Hi everyone, I'm a very newbie in Bioinformatics. I have a question about the treatment of duplication for RNAseq. Should I remove duplication (natural and artificial)?
I tried to use dupRadar for duplication in R. With one sample, It shows me as below
>fit <- duprateExpFit(DupMat=dm)
>cat("duprate at low read counts: ",fit$intercept,"\n",
"progression of the duplication rate: ",fit$slope,fill=TRUE)
> duprate at low read counts: 1.159792, progression of the duplication rate: 2.319875.
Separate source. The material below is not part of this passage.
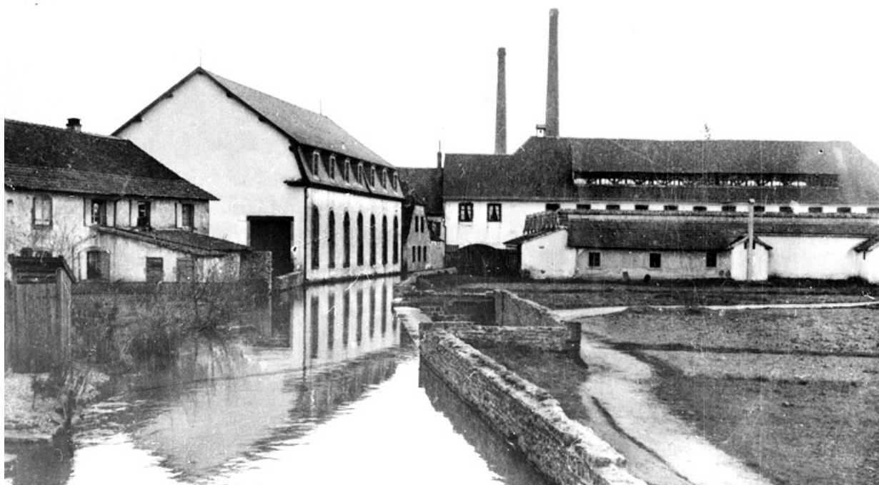
La filature de Danjoutin.

I don't know what is meaning exactly. Please let me know whether I should remove duplication for further analysis or not.
Thanks a lot in advance.
Thank you so much for your answer. But still, I'm a bit confused because of the discussion of links. It looks like depending on the condition. depRadar tool may solve the problem? please let me know.
Even if there is a problem (with PCR duplicates), it is not possible to solve it cleanly unless you were using unique molecular indexes (UMI, which adds cost and complexity). UMI's are used to label individual RNA molecules before they are converted to cDNA and amplified. dupRadar will remove duplicates but you would be throwing away good counts and may skew your downstream analysis.
Thanks a lot! It makes me clear. Thank you again for your solution!